Герцу, пожалуй, хотелось бы, чтобы в их отношениях было больше поддержки, больше размышлений, чтобы они были похожи на те телевизионные интервью, в которых выспрашивают ваше мнение по разнообразным поводам. Он тешил себя мыслью, что выполняет некую функцию в жизни Саймондса, некую псевдородительскую функцию, просто на основании того, что он старше. Он был суррогатным старшим, к которому Саймондс питал старомодное, почти наивное почтение. У Герца не было большого опыта общения с младшими, он инстинктивно понимал, что надо как можно меньше лезть в их дела, однако проявлял любопытство и был к ним снисходителен. Отсюда подробные расспросы с его стороны — например, о планах на отпуск — и столь же подробные ответы Саймондса. Это был способ не говорить о себе. Потому что затеять такой разговор значило бы огорчить Саймондса перспективами того, что его ожидает.

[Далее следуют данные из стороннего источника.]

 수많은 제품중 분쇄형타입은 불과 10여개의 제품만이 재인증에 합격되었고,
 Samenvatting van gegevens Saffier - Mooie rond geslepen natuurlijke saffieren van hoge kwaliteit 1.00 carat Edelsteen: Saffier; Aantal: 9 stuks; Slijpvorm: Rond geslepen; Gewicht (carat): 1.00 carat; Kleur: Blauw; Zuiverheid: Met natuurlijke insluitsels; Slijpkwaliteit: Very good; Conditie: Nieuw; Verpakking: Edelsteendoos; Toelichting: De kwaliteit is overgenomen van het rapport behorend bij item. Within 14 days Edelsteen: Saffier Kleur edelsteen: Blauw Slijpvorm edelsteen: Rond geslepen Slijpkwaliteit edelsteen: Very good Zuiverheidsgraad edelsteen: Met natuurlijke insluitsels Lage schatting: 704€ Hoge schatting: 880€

Конечно, у него все сложится иначе: он не приписывал Саймондсу сходства с собой и не считал, что угасание — обязательный удел, участь, которая объединяет всех. В таком взгляде на вещи по крайней мере было бы что-то утешительное. Но на самом деле каждый должен выплывать самостоятельно и может разве что просигналить другим, что узнал о настигающей их волне. Единственным ресурсом в таких обстоятельствах были молодые, дети, если кому повезло иметь детей, а для тех, кому не повезло, такие, как Саймондс, которым хватало доброты терпеть общество подобных Герцу. Здесь также требовалась осмотрительность: каждый писал такой портрет, который не вызовет отторжения, выдавал отредактированное изображение себя, которое будет приемлемым для других. Таким способом можно пройти собеседование. Признания, которые рвутся наружу, неизбежные жалобы и сожаления нужно душить, чтобы не вызвать отвращения, или, что бывает чаще, скуку и нетерпение. Вся сложность была в том, чтобы оставаться независимым и держать себя в узде.
— Так когда вы собираетесь в Италию? — спросил Герц, взяв вилку в руку.

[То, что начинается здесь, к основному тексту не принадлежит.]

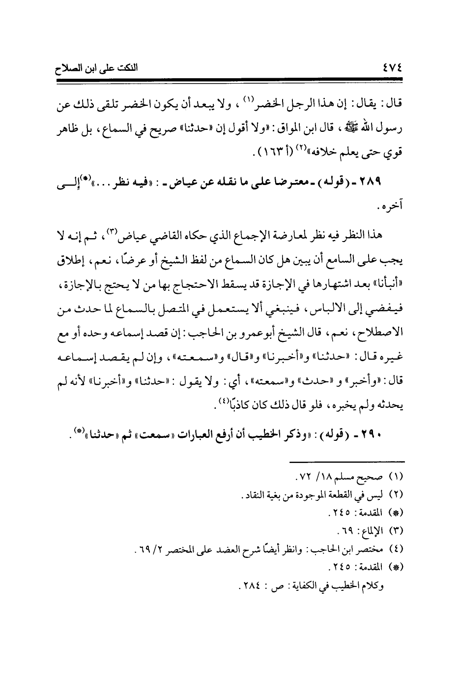 289 - (قَوْله) مُعْتَرضًا على مَا نَقله عَن عِيَاض - فِيهِ نظر (5 6 7 8 9 10 11 1)
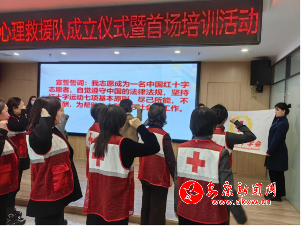 为助力健康安康建设,进一步加强安康市红十字心理救援能力建设,提升广大群众心理健康水平,2024年12月31日上午,安康市红十字会联合市人民医院举办安康市红十字心理救援队成立仪式暨首场培训活动。图为红十字心理救援队队员现场宣誓和开展首场培训。(郑时根 摄) Cuy安康新闻网

— В конце следующей недели. Если вам что-то понадобится, свяжитесь с Дикеном. Он в курсе всех ваших дел.
— Завещание… — сказал Герц. — Завещание Островского. Как можно о нем забыть? Я чувствую себя недостойным, даже стыжусь.
— Денег, которые он вам оставил? Не стоит. Я тоже получил свою долю, не забудьте. Мы были единственными наследниками. У него ведь не осталось никакой родни.
— Он говорил, что вы его племянник.
— Ничего подобного. Всего лишь троюродный брат, да к тому же я мало его знал. У него была манера время от времени вдруг навещать моих родителей.
— Так же, как и моих.
— Он был одинок, конечно, хотя постоянно крутился, ворочал какими-то делами. В какой-то степени ему нравилось быть одиноким, или, вернее, неподотчетным. Никто никогда не знал его реального положения.